J Neurointerv Surg. 2022 Aug;14(8):767-771. doi: 10.1136/neurintsurg-2021-017999. Epub 2021 Sep 2.

Abstract

Background: Endovascular therapy (EVT) is standard of care for stroke caused by large vessel occlusion. Whether EVT should be performed under general anesthesia (GA) or conscious sedation (CS) is controversial. While a meta-analysis of randomized trials showed better outcome for EVT under GA, observational studies suggested the opposite. A proposed advantage of GA is better reperfusion achieved via more successful handling of the immobile patient. The aim of this study was to investigate if the good outcome seen in patients treated under GA was mediated by better reperfusion.

Methods: The meta-analysis included 368 individual patients from three randomized controlled trials, of whom 185 patients were randomized to CS. A mediator analysis was performed to examine if the better outcome in the GA arm was driven by higher reperfusion rate.

Results: The total effect showed a risk difference (RD) of 0.15 (95% CI 0.04 to 0.25), associating GA with a beneficial outcome. The direct effect of GA constituted a large portion, with an RD of 0.12 (95% CI 0.01 to 0.22), while only a small portion was mediated through the degree of reperfusion, with an RD of 0.03 (95% CI 0.02 to 0.04).
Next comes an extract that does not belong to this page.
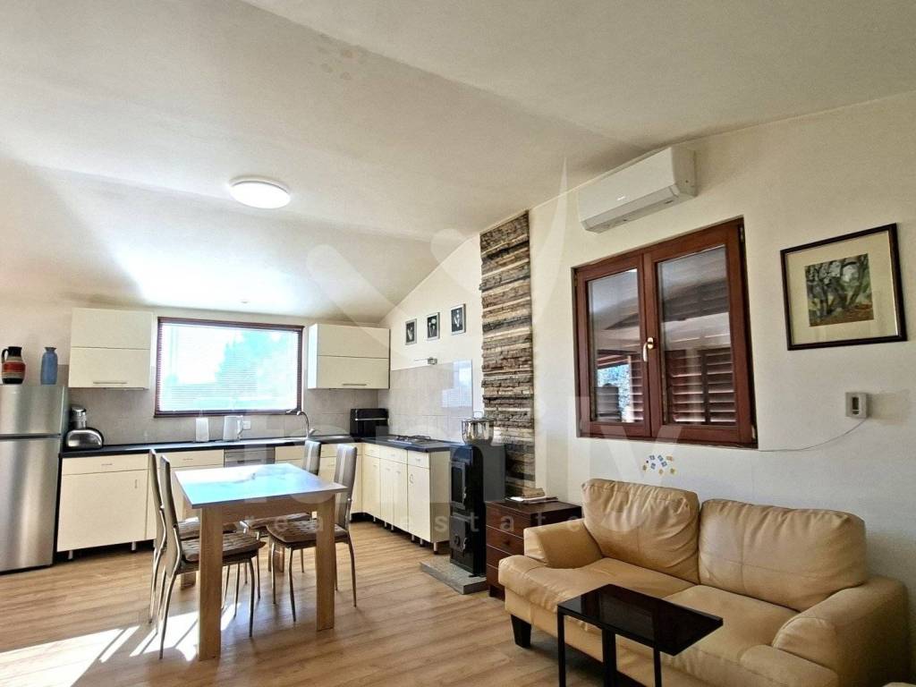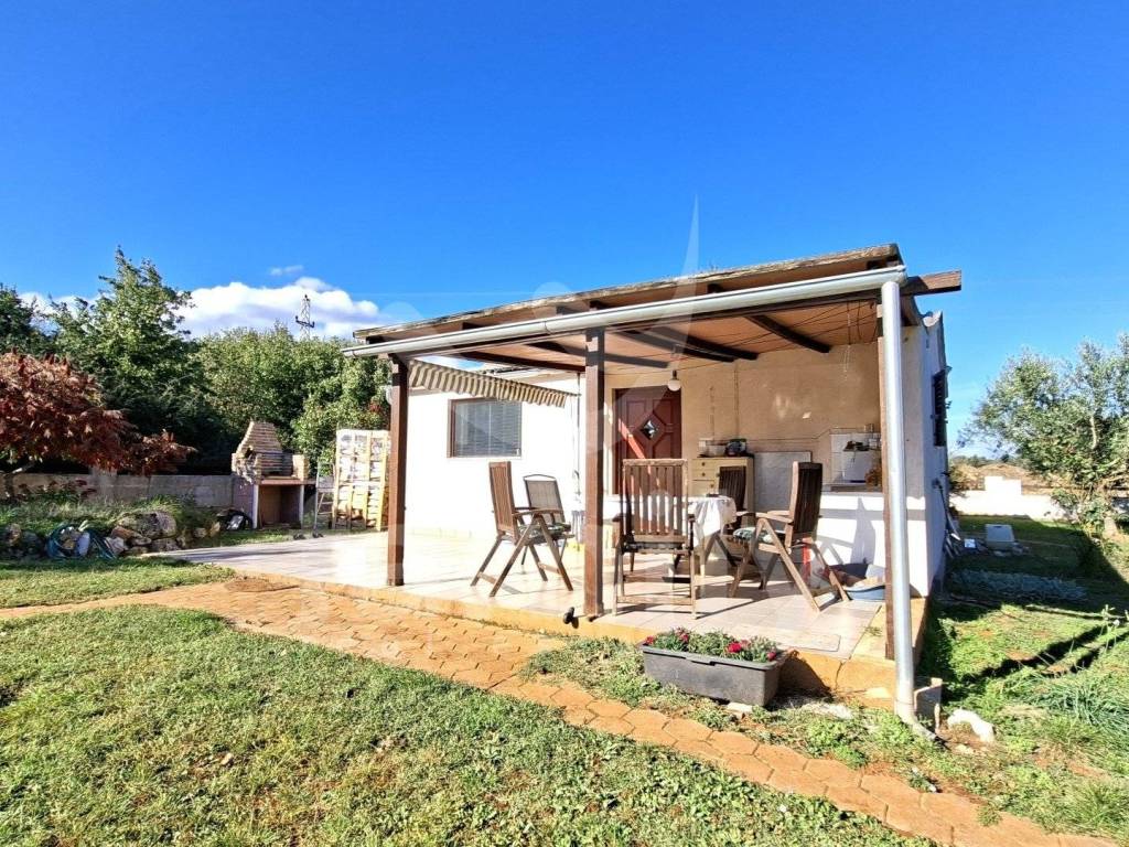 In an attractive location in a quiet village within the municipality of Marčana, there is this beautiful detached house measuring 76 m2 with a large garden measuring 9129 m2. The property consists of an open terrace, a bright and pleasantly furnished living room with an open-concept kitchen equipped with household appliances, which ensures a very pleasant stay in the property for future owners, two bedrooms and a bathroom with a shower. The floors in the rooms and living room are covered with laminate, while the rest of the property is tiled. The carpentry throughout the house is wooden and in good condition, the heating is regulated by a wood-burning stove and air conditioning. The house is built of brick with plasterboard partitions and solar panels are installed on the roof. In the courtyard on the terrace there is a summer kitchen, a fireplace, a shed and a beautiful olive grove. The olive trees are 15 to 25 years old and produce first-class olive oil. There are several connection points throughout the property that can be used for irrigation.

Conclusion: The better outcome after EVT in the GA arm was mainly a direct effect-that is, an effect that was not explained by better reperfusion. We also found a better outcome in the GA arm when reperfusion was not achieved. Whether this is an effect of the stable condition and blood pressure under GA or a neuroprotective effect will need to be investigated in future research.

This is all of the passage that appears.